More than just the dead and dying back in my little town
The first, over at Rush Hour Rambling, led me to the second at thecitizenguide.com. From Rush Hour Rambling:
Just a hint. I don't think there's a South Dakotan who doesn't do that to semi-ignorant out of staters. It's one of our own silly forms of amusement. No, we don't all ride horses and carry guns..
There was quite a dichotomy between the way Pierre, South Dakota was described to me, and what I actually found when Frogwing and I rolled into town. The gulf between myth and reality was as wide as the Missouri River at Lake Oahe. You can blame that on modern times, and the ubiquity of giant, multi-national corporations, I suppose. Super Walmart is here, along with the usual assortment of fast-food emporiums. The invasion continues…
While I was expecting a dusty cowtown straight out of the Wild West, what I experienced instead was a sort of Anytown, USA, with a hint of USDA-approved Western-Style flavoring.
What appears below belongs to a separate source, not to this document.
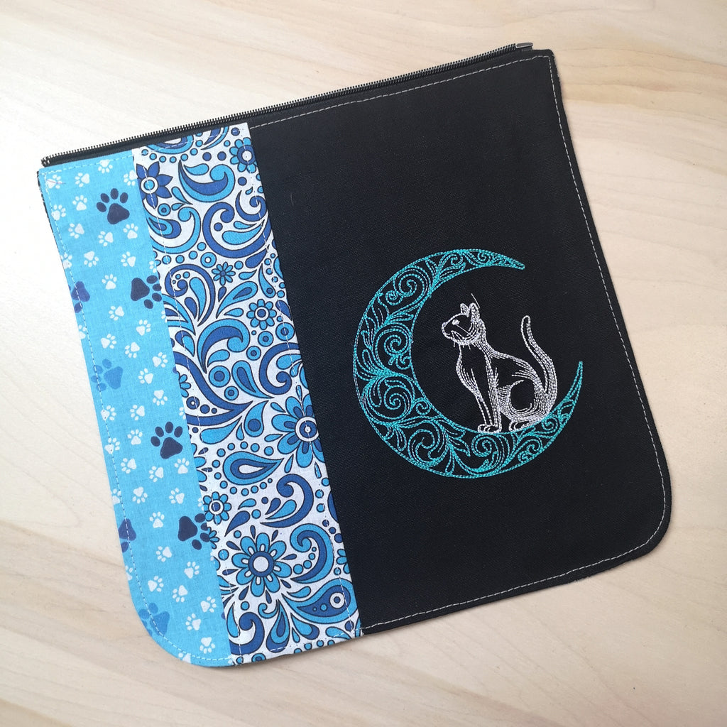 Rabat avec broderie, Fils 100% polyester. Brodé sur du denim/canevas 100% coton. Côtés de tissus à motifs 100% coton style courtepointe.

Even personal emails from friends of mine who hail from South Dakota warned me of being shot at for trespassing, and made the place seem like it was just one step evolved from Dodge City, during that town’s bloody heyday.
Of course, if you do ride a horse and start shooting, the citizen's guide is kind enough to let you know that you can call Tom Maher, or SDWC reader and Argus contributor Brett Koenecke to get you out of the pokey.
If You Get Busted: If you do something really stupid and get caught, call either Old Tom Maher (Tom Senior) or Brett Koenecke of May Adam Gerdes & Thompson. Old Tom has the tenacity of a bulldog with his favorite rawhide chew toy, and he likes to buck the system. Tom makes it to the bell more often than not.Now quit lookin' cross eyed at mah horse, iffn' you know what's good fer ya. (Or I'll send Brett after ya.)